2) supports using phones as camera's using the livestream app (you have to put it in studio mode) (also supported by SlingStudio)

3) supports NDI, or Network Device Interface, for remote HDMI connections...a standard, and one with a lot of different vendor options (no vendor lock, yay!)

4) supports Mevo remote camera's, remote webcam's and local webcams

5) You can crop, color correct and EQ audio from any incoming stream (you can't do any of that in sling studio)

6) chroma-key (unclear how good it is compared to SlingStudio's)

7) Integration of remote data sources, such as facebook/youtube/twitter comments

8) more livestreaming options, such as twitch

9) remote control of the studio from an iPad (browser-based)

10) no hub, use your own Mac or Windows PC


I'm not sure if the last one is a pro or a con, but it does seem clear that vimeo is focusing on making this a strong software and platform integration solution vs. a turn-key hardware solution, and I think that strategy has some benefits for the end-user in the long run. Best of all, the software is included with your vimeo premium subscription, which I'm already paying for, so I can dump all of my old SlingStudio hardware and recoup some of the money I've already invested in the vimeo subscription.
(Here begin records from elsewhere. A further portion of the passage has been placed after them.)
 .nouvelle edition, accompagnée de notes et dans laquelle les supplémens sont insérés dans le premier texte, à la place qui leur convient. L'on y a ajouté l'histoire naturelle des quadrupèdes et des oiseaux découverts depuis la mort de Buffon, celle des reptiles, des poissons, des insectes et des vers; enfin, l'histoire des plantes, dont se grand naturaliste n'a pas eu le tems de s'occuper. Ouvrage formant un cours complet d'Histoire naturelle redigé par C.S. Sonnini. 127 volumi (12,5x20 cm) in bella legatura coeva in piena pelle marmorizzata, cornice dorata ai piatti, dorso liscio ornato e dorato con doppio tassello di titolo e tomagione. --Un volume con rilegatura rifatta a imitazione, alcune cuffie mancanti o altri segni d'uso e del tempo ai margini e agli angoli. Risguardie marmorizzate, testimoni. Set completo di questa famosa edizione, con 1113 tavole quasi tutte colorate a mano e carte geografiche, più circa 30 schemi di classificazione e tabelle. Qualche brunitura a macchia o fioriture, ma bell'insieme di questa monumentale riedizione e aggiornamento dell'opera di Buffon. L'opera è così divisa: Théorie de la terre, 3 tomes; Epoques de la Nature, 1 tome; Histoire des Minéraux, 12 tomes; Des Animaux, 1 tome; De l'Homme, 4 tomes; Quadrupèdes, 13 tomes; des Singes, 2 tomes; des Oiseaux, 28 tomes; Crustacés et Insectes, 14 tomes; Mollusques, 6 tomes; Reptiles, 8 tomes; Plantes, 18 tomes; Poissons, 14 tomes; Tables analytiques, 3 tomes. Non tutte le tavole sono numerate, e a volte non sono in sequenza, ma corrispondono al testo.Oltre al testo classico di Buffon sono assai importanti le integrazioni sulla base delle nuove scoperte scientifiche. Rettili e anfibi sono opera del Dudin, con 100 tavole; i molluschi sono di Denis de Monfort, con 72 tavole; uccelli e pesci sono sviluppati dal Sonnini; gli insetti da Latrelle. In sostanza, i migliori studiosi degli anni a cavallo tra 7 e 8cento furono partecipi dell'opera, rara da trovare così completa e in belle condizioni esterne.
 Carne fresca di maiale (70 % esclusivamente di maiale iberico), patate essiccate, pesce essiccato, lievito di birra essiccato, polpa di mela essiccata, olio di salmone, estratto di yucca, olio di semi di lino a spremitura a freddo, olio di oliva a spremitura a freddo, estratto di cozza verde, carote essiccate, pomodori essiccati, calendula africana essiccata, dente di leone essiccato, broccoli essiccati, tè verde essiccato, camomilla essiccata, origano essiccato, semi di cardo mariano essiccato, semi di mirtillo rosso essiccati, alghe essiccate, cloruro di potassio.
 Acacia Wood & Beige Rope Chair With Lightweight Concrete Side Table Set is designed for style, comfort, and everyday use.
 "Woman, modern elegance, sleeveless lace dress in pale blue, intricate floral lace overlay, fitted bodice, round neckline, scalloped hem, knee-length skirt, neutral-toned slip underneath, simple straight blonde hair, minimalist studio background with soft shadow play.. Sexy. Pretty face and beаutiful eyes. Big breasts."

It remains to be seen if this solution will be more user-friendly than the simple interface provided by SlingStudio on my iPad, and that is an important consideration as I cannot focus exclusively on video production during a show (obviously). I have, at best, 10 seconds to click on things between shows and I have to save some of those clicks for lighting and pedal board changes. This software has so many features, that you could run a broadcast-quality show from it, and as cool as that sounds it also scares me a little bit.


Anyway, time will tell. For the show this Friday, I'll be sticking with the SlingStudio, but it may be the last show I use it for.